If you've managed to plug through all my ramblings then I guess I owe you some conclusions. I couldn't afford the Mac desktop I would have loved as a second machine (I travel enough the the laptop remain my primary computer). The PC was affordable for me, and I had enough technical background to go the home-build route and deal with the technical issues that arose, maybe this is less true of the less techy among us, but not that much I think. For those on a budget a PC really should be considered.
Also Windows is not as bad as it used to be. Yes we can still keep a bit of our our smug superiority (most mac users are subject to this at one time or another ) but less than in the past. I can't even hate Bill Gates now he is creditably spending all his money trying to make the work a better place. If you are also a gamer, an affordable second machine to do that makes a PC very attractive, it genuinely is a lot better for that, even with some firms now publishing simultaneously on both Mac and PC. I also have a machine I can upgrade for a while, quite cheaply too. I deliberately chose an over-spec power supply to leave power headroom for extras though (don't expect to ever be able to upgrade a Dell easily!). Short of a MacPro I see no way to get this on a Mac, sadly.

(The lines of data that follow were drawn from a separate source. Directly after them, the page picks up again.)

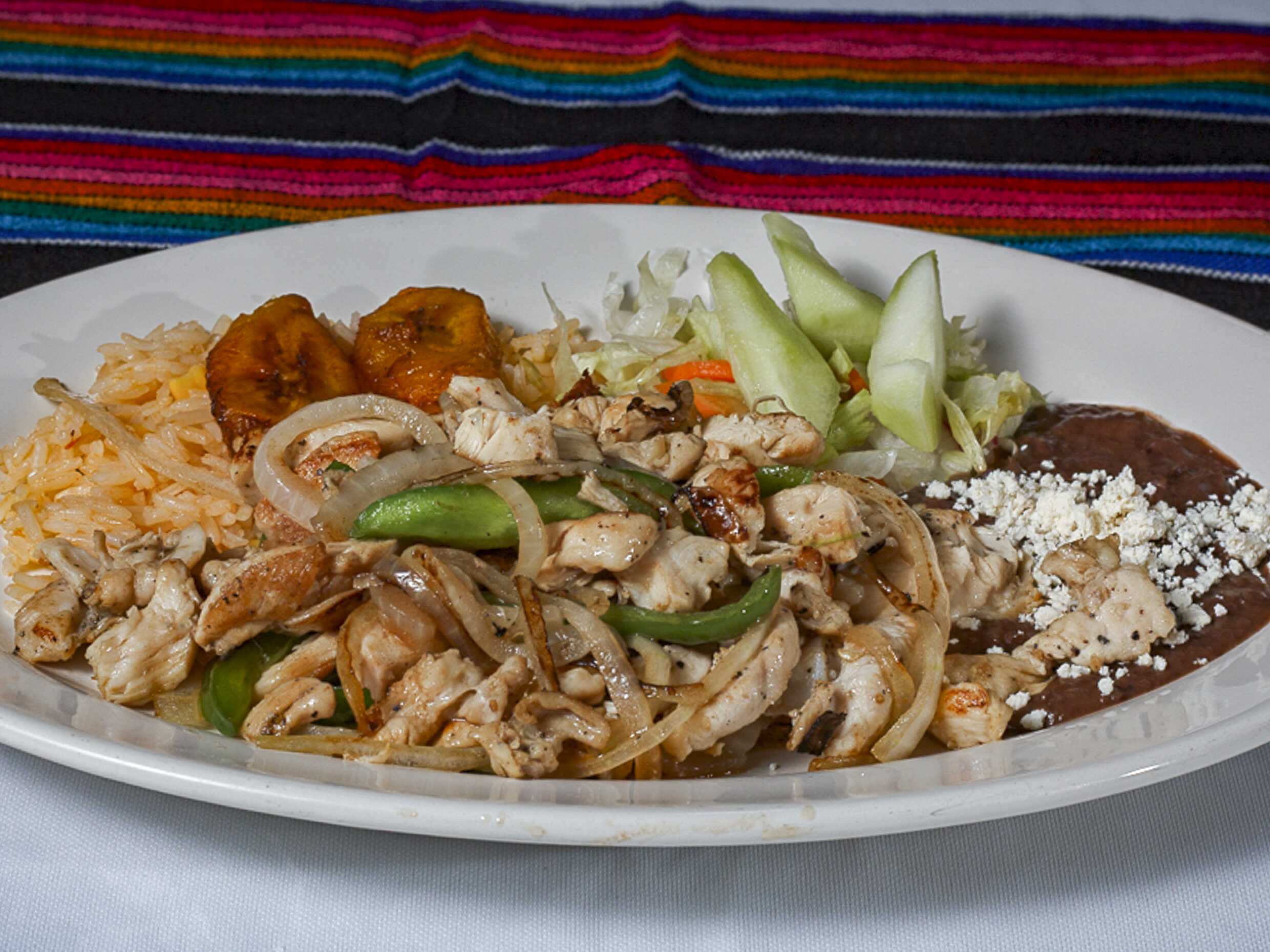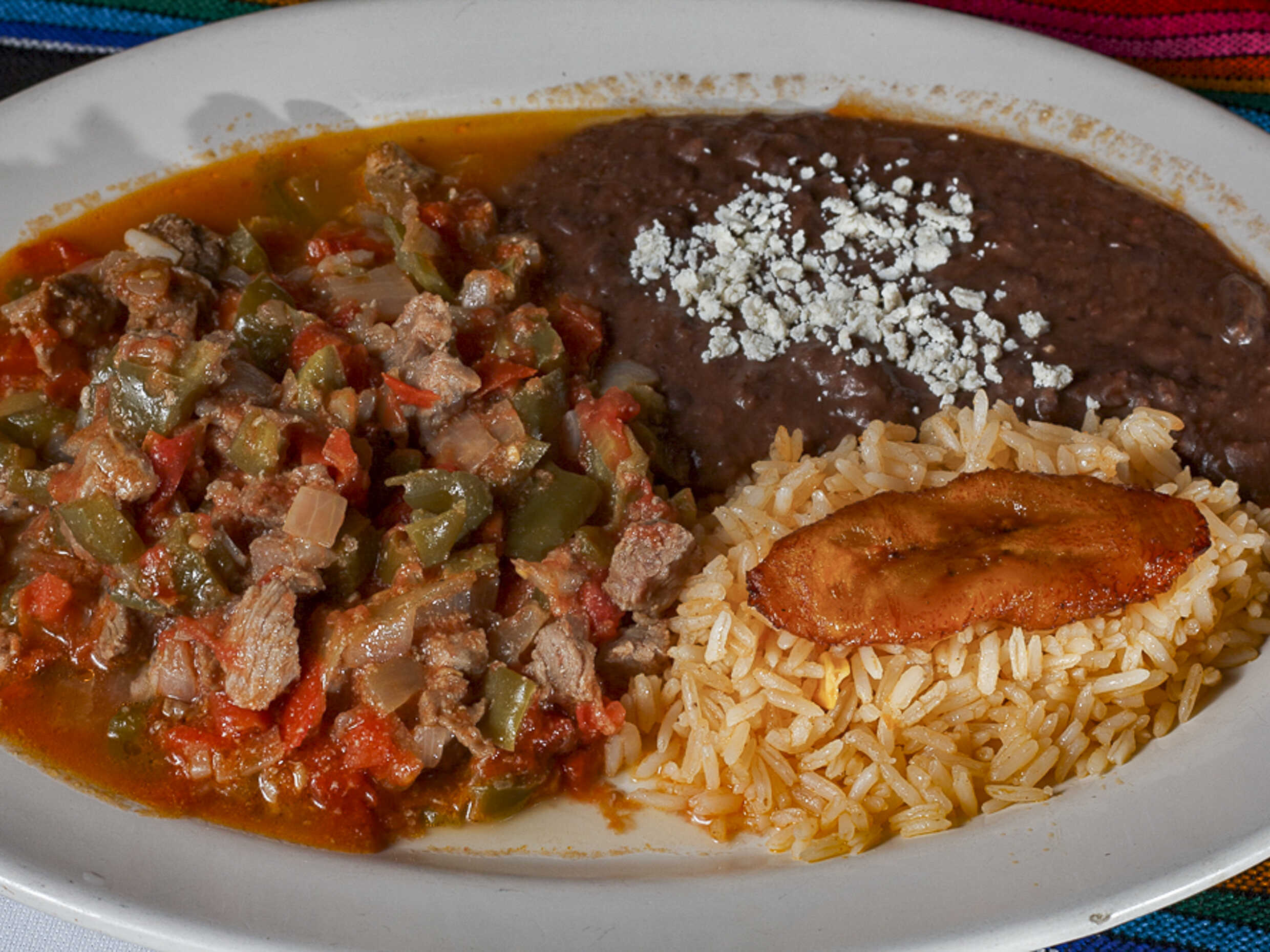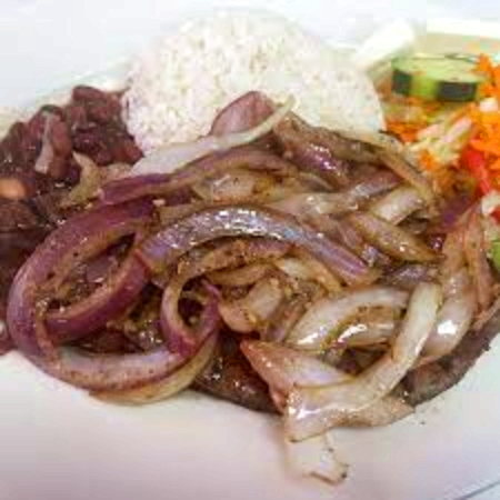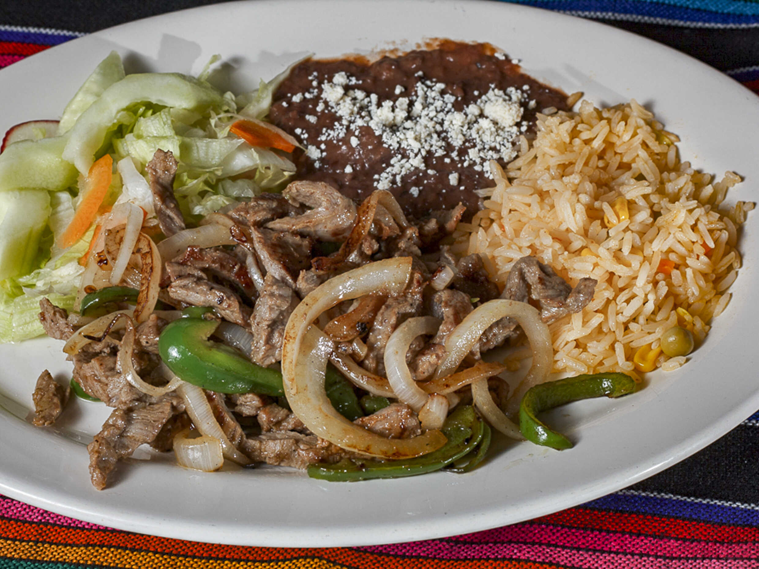 Carne picada con cebolla, pimiento morrón verde, jamón, tortilla de maíz, acompañada de frijoles y ensalada.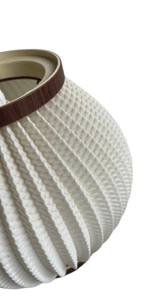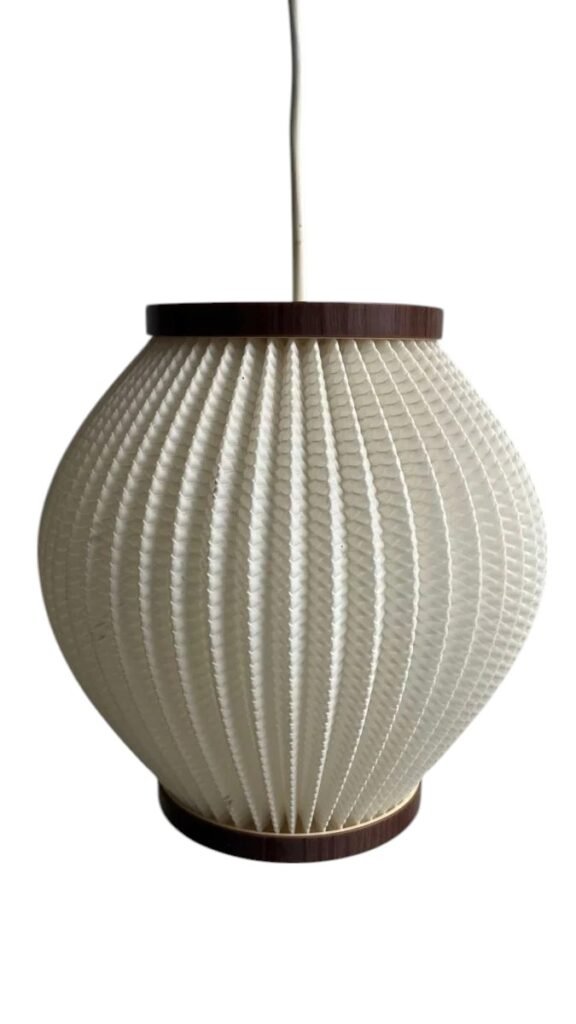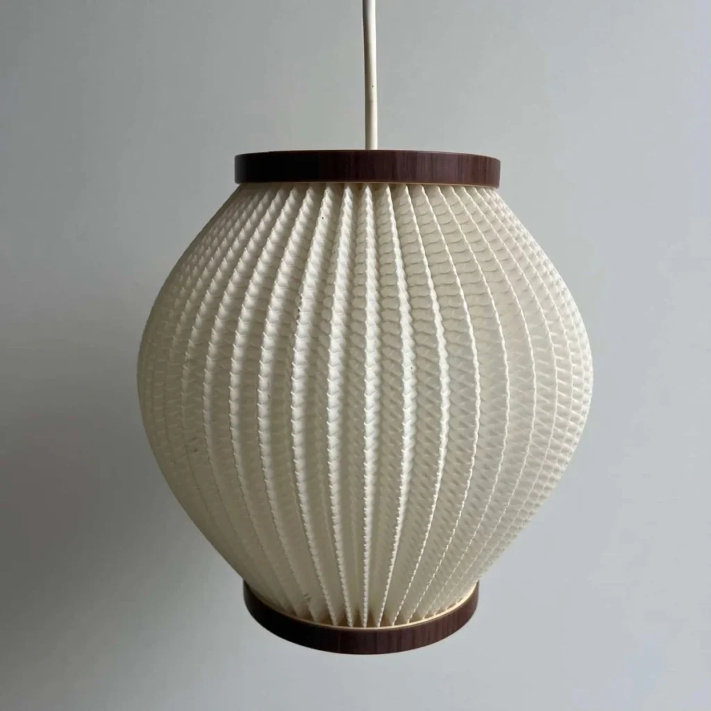 Lampan är i vit akryl samt ringar som är teakmönstrade upp- och nertill.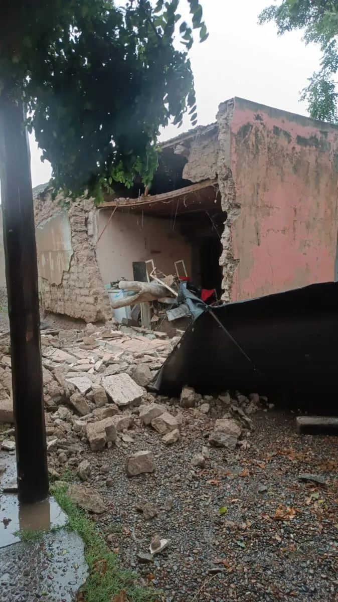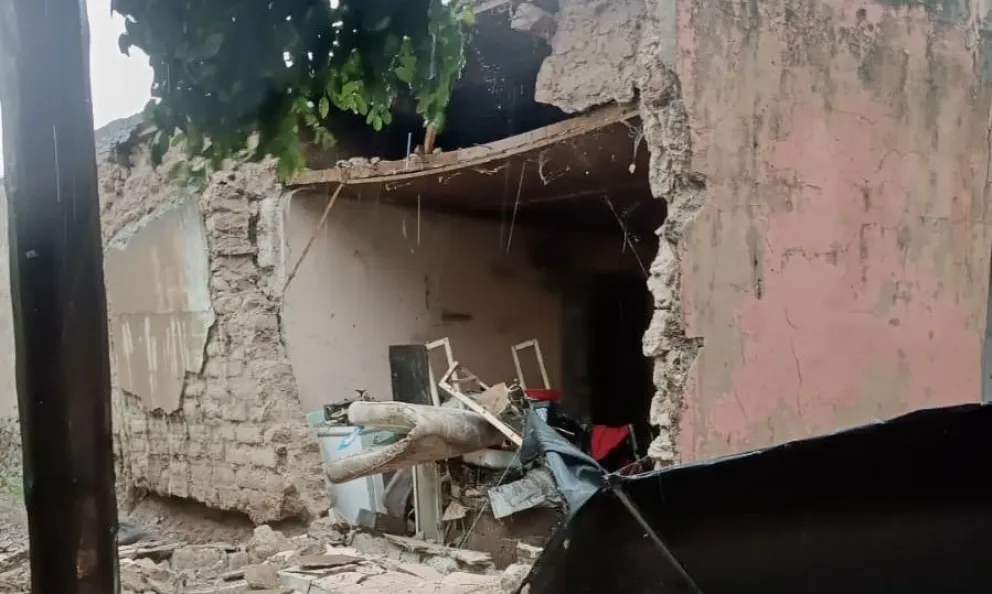 Uno de los barrios más afectados es el Barrio Unión, donde el personal de obras públicas se encuentra trabajando para atender un derrumbe de una vivienda.

I chose a PC as its useful for me to be able to run Windows programs, but for those just looking for a file/media server, Linux is a real option. You still need more technical knowledge but projects like Ubuntu are changing that.
Overall, I think I did the right thing, the PC did the job i bought it for for a very fair price. I am also better technically as a result, on both Mac and PC sides. In what remains a PC dominated world, some knowledge of the platform is a good idea I think. Going the home-build route I also opted for high quality components whenever possible, so I hope It will give me a good number of years of service, don't expect this to be true of very budget pre-built PCs. One Intel employee I worked for told me the quality of the power supply has a large impact on component lifespan so I made sure to get a good one.
Now better informed, I feel I can speak up for the quality of Apple again in a more informed way, rather than falling into the holy wars approach of any part of the Windows Heresy being evil. PC users also listen to me more, though of course their zealots consider me unclean for my Maccish ways .
It may all fall apart in an orgy of data-loss after a viral infection but for now I am using both sides of the Force, and and am happy with my dual nationality in the world of computing.